Pour connaître la valeur d’un tableau attribué à Kapoustine, vous pouvez demander une estimation gratuite auprès de Fabien Robaldo. L’analyse s’appuie sur les caractéristiques visibles, la signature, les informations disponibles et des comparables de ventes vérifiées, afin d’obtenir un avis clair et documenté.
FAQ
Qui est Grigori Ivanovitch Kapoustine ?
Grigori Ivanovitch Kapoustine, aussi orthographié Kapustin, est un peintre paysagiste actif entre la fin du XIXe siècle et le début du XXe siècle. Il est surtout rencontré sur le marché pour des paysages et des marines associés à la mer Noire et à la Crimée.
Kapoustine et Kapustin, est-ce le même artiste ?
Oui, il s’agit le plus souvent d’une variation de translittération du cyrillique vers l’alphabet latin. En expertise, il faut toutefois vérifier au cas par cas, car des homonymes existent et les orthographes peuvent créer des confusions.
Quels sujets sont les plus fréquents chez Kapoustine ?
Les sujets les plus fréquents sont les marines, les côtes et les scènes au crépuscule ou au clair de lune. On rencontre aussi des paysages ruraux ou fluviaux.
Quels matériaux retrouve-t-on le plus souvent ?
Le plus courant est l’huile sur toile. Il existe aussi des œuvres sur supports rigides (panneau, carton, toile marouflée), selon les pièces observées en vente.

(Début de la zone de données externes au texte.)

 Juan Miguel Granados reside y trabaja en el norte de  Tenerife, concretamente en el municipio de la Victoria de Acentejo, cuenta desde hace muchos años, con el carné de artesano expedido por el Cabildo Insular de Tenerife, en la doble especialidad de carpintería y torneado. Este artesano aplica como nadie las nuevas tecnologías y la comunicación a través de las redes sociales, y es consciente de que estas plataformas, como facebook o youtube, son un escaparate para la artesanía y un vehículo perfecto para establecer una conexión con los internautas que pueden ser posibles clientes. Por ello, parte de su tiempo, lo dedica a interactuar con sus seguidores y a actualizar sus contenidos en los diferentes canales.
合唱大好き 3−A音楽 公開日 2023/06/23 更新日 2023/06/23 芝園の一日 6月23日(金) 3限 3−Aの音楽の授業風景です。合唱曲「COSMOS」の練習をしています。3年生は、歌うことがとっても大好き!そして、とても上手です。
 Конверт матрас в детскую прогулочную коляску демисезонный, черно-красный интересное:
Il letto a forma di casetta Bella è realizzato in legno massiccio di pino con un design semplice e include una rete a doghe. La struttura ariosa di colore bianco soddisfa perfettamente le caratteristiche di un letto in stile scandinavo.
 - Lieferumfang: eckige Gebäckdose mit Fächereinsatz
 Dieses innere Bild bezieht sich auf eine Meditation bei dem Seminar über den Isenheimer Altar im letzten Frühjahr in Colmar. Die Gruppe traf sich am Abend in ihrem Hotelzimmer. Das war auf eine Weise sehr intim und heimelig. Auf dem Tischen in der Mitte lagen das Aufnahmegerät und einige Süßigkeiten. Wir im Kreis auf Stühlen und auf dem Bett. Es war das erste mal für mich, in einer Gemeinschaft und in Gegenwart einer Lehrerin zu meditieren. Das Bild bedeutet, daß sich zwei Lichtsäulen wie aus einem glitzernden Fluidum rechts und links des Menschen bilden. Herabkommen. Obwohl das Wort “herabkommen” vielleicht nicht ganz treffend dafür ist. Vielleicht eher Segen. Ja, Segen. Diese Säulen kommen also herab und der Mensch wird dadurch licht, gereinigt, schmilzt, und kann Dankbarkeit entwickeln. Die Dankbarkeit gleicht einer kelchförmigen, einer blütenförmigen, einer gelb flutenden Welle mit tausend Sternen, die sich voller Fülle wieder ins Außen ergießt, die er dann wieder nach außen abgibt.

Comment reconnaître une signature de Kapoustine ?
La signature, lorsqu’elle est présente, est souvent en cyrillique. Son emplacement, son graphisme et sa cohérence avec l’œuvre doivent être comparés à des références documentées.

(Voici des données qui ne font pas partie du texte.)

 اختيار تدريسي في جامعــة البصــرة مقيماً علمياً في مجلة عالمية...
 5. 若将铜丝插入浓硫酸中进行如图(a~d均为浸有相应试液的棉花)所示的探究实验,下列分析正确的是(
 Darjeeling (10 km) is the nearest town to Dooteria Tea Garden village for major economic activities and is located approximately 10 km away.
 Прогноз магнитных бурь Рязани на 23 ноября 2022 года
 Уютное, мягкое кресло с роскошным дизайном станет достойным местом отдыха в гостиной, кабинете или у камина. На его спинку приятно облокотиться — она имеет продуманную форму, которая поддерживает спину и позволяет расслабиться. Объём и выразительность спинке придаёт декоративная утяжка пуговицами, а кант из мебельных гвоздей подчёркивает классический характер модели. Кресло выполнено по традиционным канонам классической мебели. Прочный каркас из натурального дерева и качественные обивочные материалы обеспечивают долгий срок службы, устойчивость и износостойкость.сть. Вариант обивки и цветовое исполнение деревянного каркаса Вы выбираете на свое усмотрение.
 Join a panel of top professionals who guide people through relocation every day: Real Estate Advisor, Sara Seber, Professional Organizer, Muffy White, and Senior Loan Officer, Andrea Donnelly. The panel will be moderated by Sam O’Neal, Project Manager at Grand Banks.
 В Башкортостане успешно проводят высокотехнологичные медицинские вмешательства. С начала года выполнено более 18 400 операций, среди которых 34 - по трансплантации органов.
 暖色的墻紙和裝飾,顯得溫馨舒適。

Pourquoi parle-t-on de paysages naturalistes pour cet artiste ?
Parce que ses paysages reposent généralement sur une construction crédible de l’espace et sur des effets atmosphériques cohérents (lumière, ciel, eau, météo). Le naturalisme peut inclure des effets de clair de lune ou de coucher de soleil, tant que la scène reste plausible.

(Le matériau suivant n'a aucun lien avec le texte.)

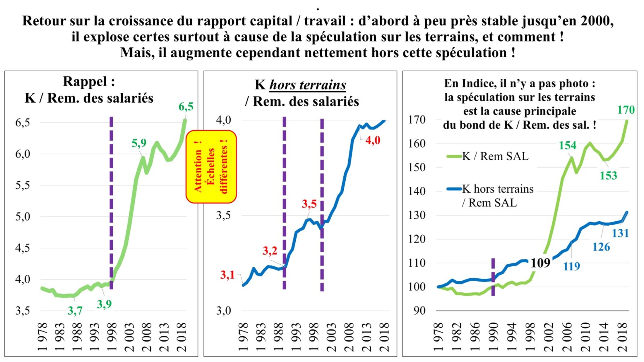 Elle saute aux yeux dans le graphique qui suit. L’équivalent du taux de composition organique qui tournait, avec terrains, autour de 4€ de K pour 1€ de Rémunération des salariés, passait rapidement à près de 6 en 2007 ; après la crise déclenchée en 2008, on atteignait péniblement 6,5 en 2019 : la majeure partie du boom concernait donc seulement la dizaine d’années 1998-2008. Avec K sans terrain, on passe d’un peu plus de 3 à 4. Il n’y a donc pas que la dynamique de l’investissement en FBCF sur la période ; il y a aussi la spéculation sur les terrains ; mais la dynamique de l’investissement a aussi produit ses effets. La rupture se produit en 1998 mais se tasse après 2008.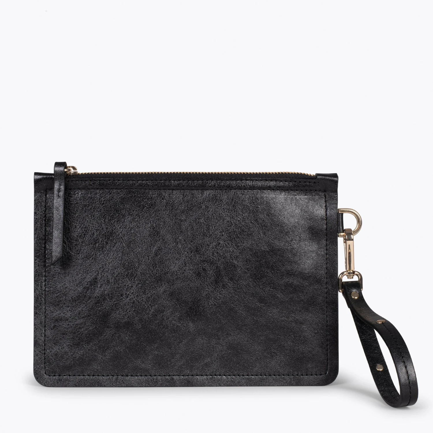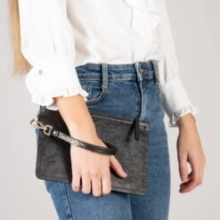 Cette pochette est dotée d’une fermeture éclair sur le dessus pour une ouverture facile. Vous pouvez la porter au poignet grâce à sa sangle, qui peut également être retirée si vous le préférez.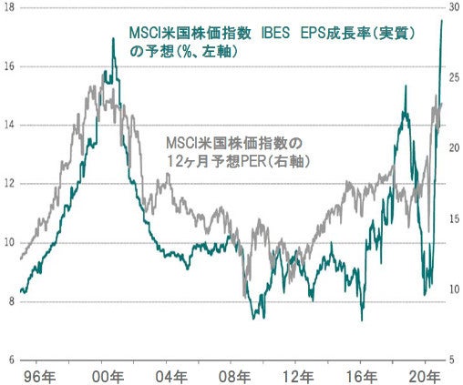 図表3:米国株式のEPS予想及び12ヶ月予想PER

Quels critères font varier la valeur d’un tableau de Kapoustine ?
Les principaux critères sont la solidité de l’attribution, l’attrait du sujet, le format, l’impact visuel, la présence d’une signature lisible, la provenance et la comparabilité avec des ventes publiées.
Une marine vaut-elle plus qu’un paysage rural ?
Souvent, les marines et scènes nocturnes sont plus demandées car elles correspondent à l’image la plus recherchée de l’artiste. Mais un paysage rural abouti, bien composé et bien attribué peut aussi être très apprécié.
Les prix publiés incluent-ils toujours les frais ?
Non. Selon les maisons de vente, le résultat affiché peut être un prix marteau ou un prix incluant des frais. Il faut vérifier la présentation du résultat pour comparer correctement.
Comment utiliser les résultats d’enchères pour estimer une œuvre ?
Il faut comparer des œuvres proches : sujet, dimensions, support, période, niveau de finition, et qualité d’attribution. Une comparaison sur un seul critère, comme la taille, conduit souvent à des écarts d’interprétation.
Pourquoi une expertise est-elle utile pour Kapoustine ?
Parce que le marché comporte des variations d’orthographe, des attributions prudentes et des œuvres de qualités inégales. Une expertise aide à sécuriser l’identification et à situer une valeur cohérente avec les comparables.
Que faut-il préparer pour une estimation gratuite ?
Des photos nettes (face, signature, dos), les dimensions, le support, et toute information de provenance (facture, succession, collection) permettent d’établir une première analyse plus fiable.